Ele me encarou e pareceu tentar se acalmar, ficando alguns minutos em silêncio. Mas eu sentia sua respiração acelerada:

- Desculpe, Alteza. – ele curvou-se, mas eu sabia que aquilo era de forma irônica.

- Do que você está me acusando exatamente, Alexander?

- Por que você quer sair de dentro do castelo? Acha mesmo que isso é prudente?

- Meu pai permitiu. Você não manda em mim...

Andei de novo e ele me segurou levemente pelo braço:

- Satini, isso é loucura.

- Alexander, não é. Eu tenho cinco meses para viver antes de me casar com uma pessoa que eu não conheço... E talvez ir embora de Avalon para sempre.

- Lembra quantas vezes eu lhe disse o quanto o mundo é perigoso fora destes muros, Satini?

- Ainda assim eu não me importo.

- Você é o futuro de Avalon. Não entendo como o rei Stepjan permitiu isso.

- Pense pelo lado positivo, Alexander: ele confia muito em você.

- Eu não posso assumir esta responsabilidade. Você é a futura rainha de Avalon e estará sozinha, sob minha proteção... Unicamente minha proteção.

- Não se acha capaz, Alexander? – desafiei.

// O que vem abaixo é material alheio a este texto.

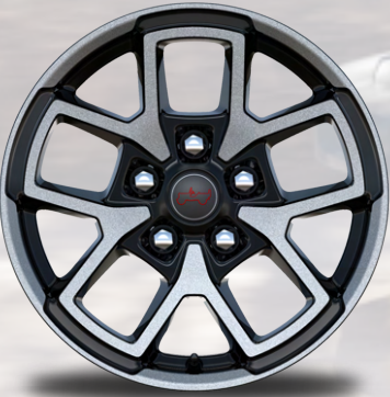
WFV - 17-Inch Machined Painted Black Wheels (Standard on Rubicon)

- Você não mudou nada... – ele disse.

- Mudei... Eu beijo melhor que você agora. – me atrevi, olhando para seus braços fortes sob a camisa.

- Satini, você não tem nada na cabeça... E isso não muda nunca.

- Eu vou sair e você será meu guarda, Alexander. Assim meu pai decidiu. E assim você fará.

Puxei meu braço das mãos dele e saí. Quem ele pensava que era para falar comigo daquela maneira? Antes de entrar na porta, virei para ele, que me encarava:

- Saímos amanhã mesmo. – eu disse.

- Que horas, Alteza?

- À tarde... E depois à noite novamente.

Ele fez uma reverência propositalmente errada e saiu. Eu teria problemas com Alexander. E já previa isso. E talvez por este motivo meu pai escolheu ele para me proteger.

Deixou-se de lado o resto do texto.